The executor keeps SSH keys outside of the bubblewrap environment and uses an SSH agent to provide them to Ansible. The same is not true for WinRM credentials which are supplied as files that must be mounted within the environment. Operators may be relying on the file access controls in custom plugins to avoid leaking the WinRM credentials to end-users.
To remedy this, operators may switch to supplying the WinRM credentials only to trusted playbooks, and then running a pre-run playbook in a base job to create temporary WinRM credentials (similar to the build ssh keys that zuul-jobs uses) for use by later playbooks. The playbook would set the hostvars for the affected hosts to use the new paths of the temporary certificates.
(A further improvement to this would be to add a new feature to Zuul to provide the initial WinRM certificate as a secret so that only the base job playbook would have access to it, not any other trusted playbooks.
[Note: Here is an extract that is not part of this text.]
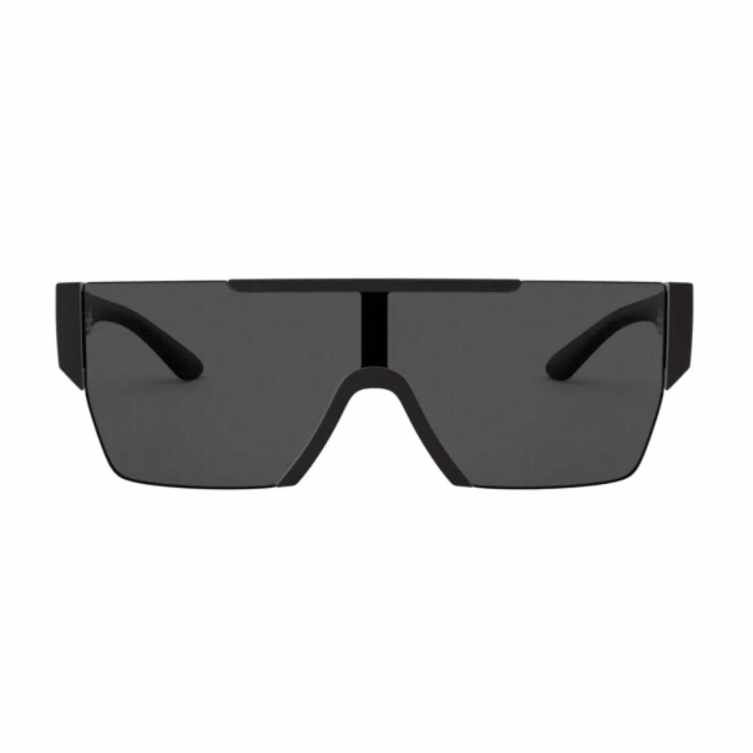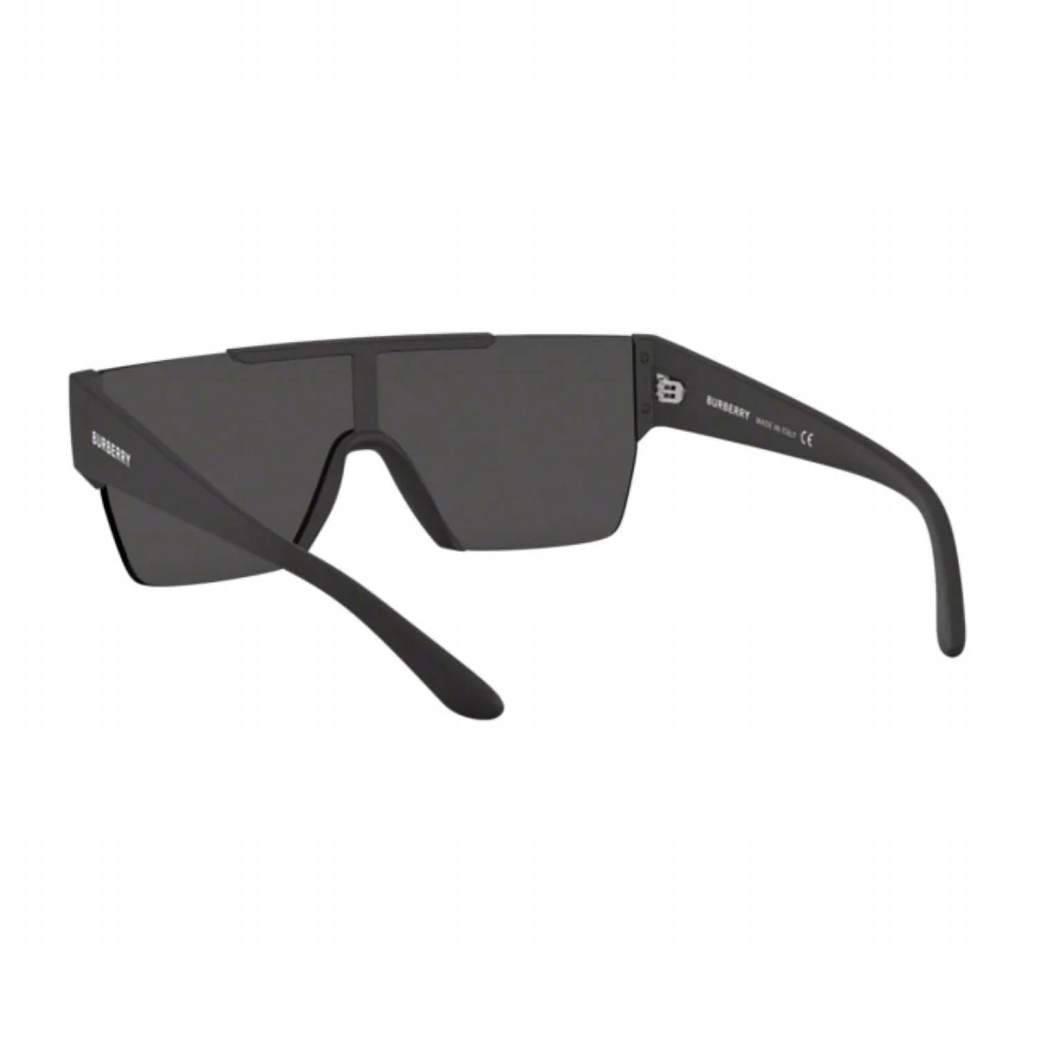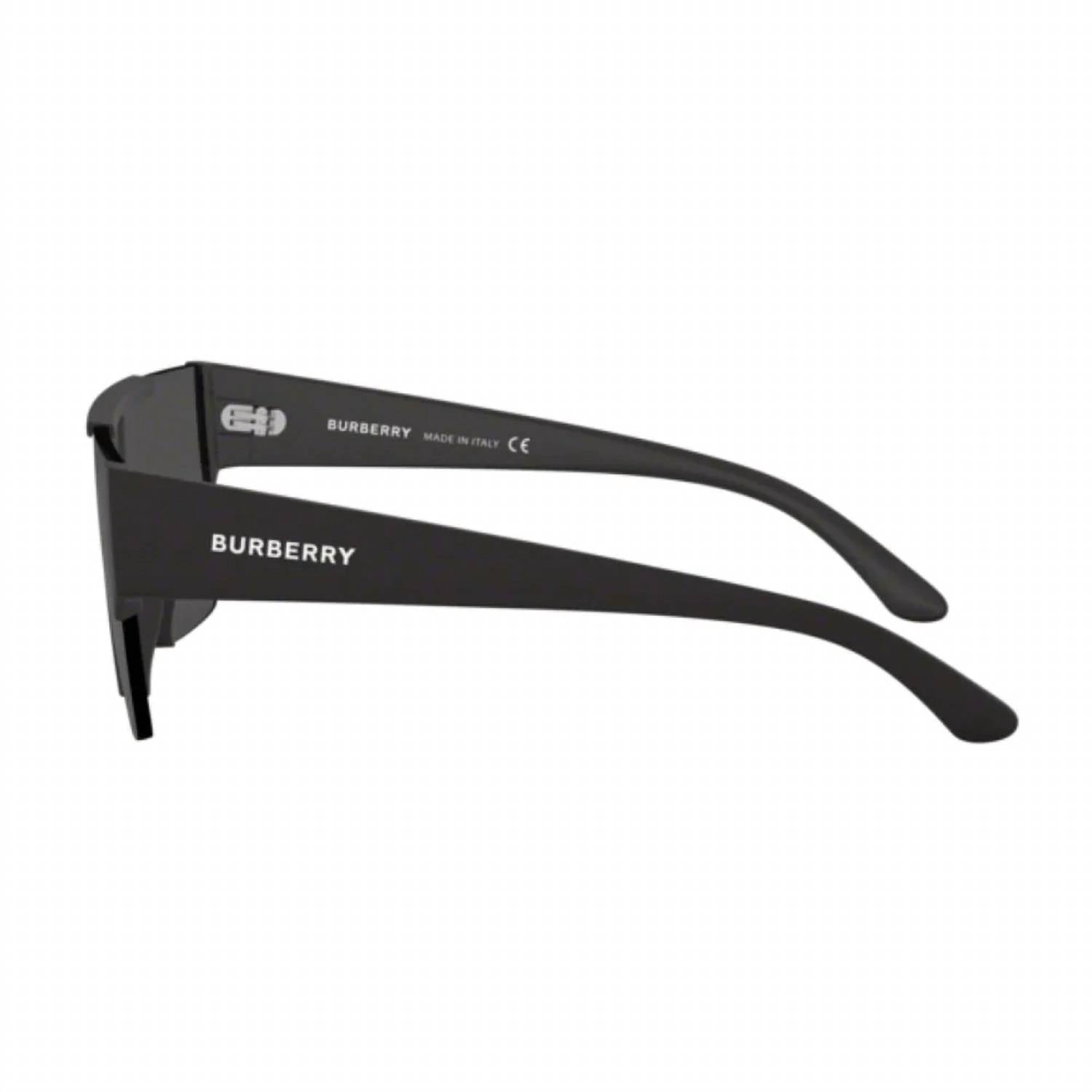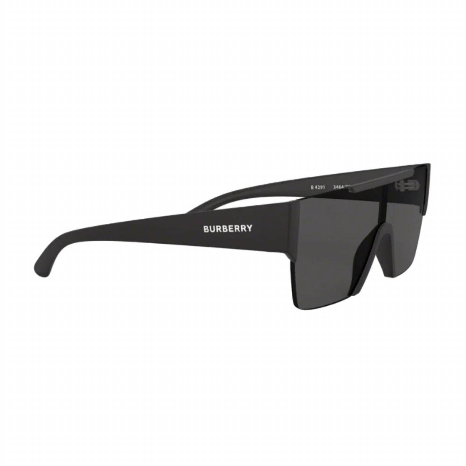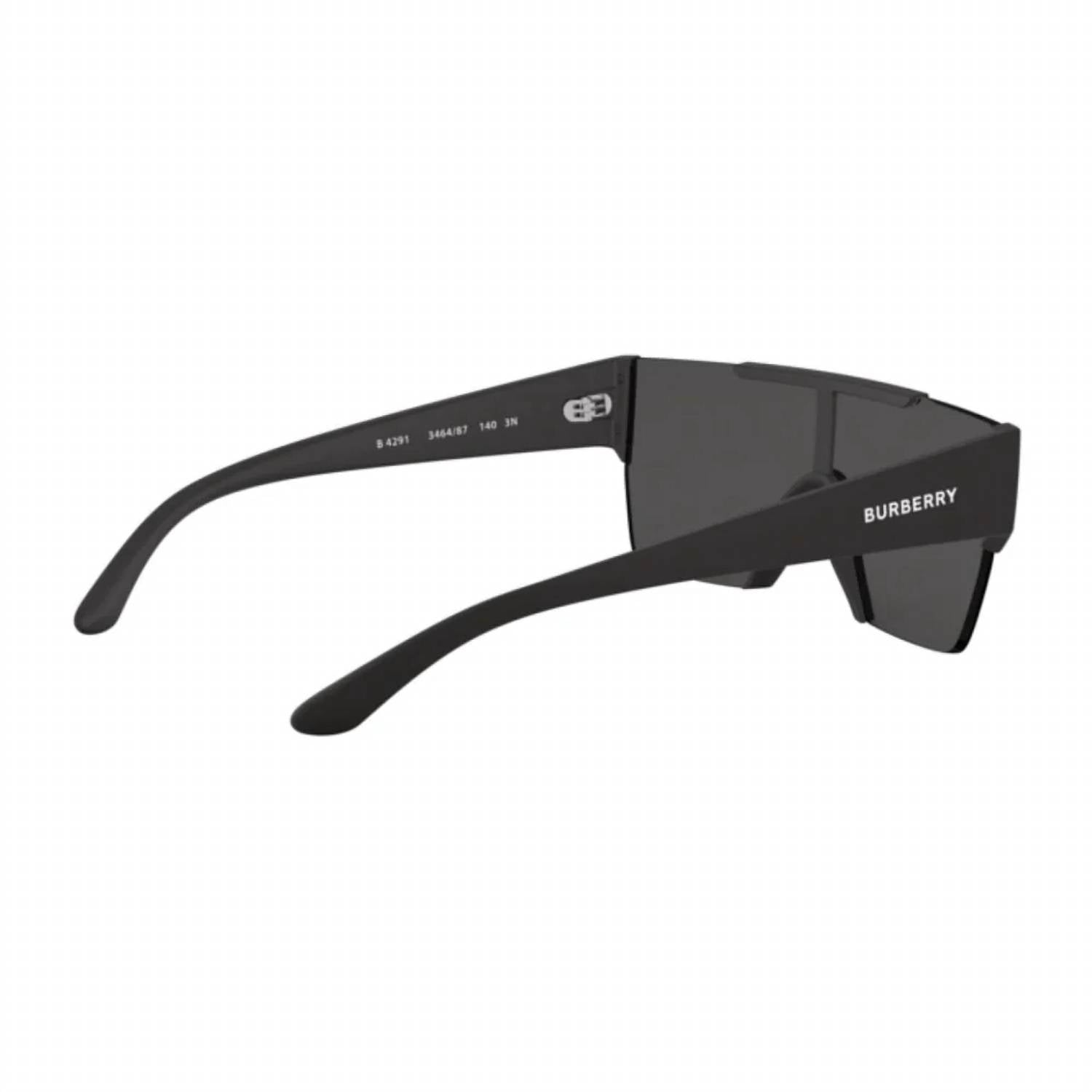 Introducing the Burberry Men's 4291 3464/87 Aviator Shield Sunglasses, a modern accessory with a matte black and grey design. These square-shaped, rimless frames are crafted from durable acetate, complemented by polyamide lenses that offer UV protection. The temples and frame maintain a sleek look with their black acetate construction. Measurements include a 38 mm lens width, an approximate 138 mm bridge, and 140 mm temples, all meticulously assembled in Italy.

This is not strictly necessary for parity with the current system though, and is out of scope of this spec.)
Because of the “best-effort” nature of Zuul’s custom plugins, many of the preceding avenues of attack may already be present today. Several previous vulnerabilities in Zuul have related to the ability to bypass these measures and we have relied entirely on bubblewrap to contain the fallout. Removing the restricted environment does remove a layer from our defense in depth, but that layer may not be very effective in the first place.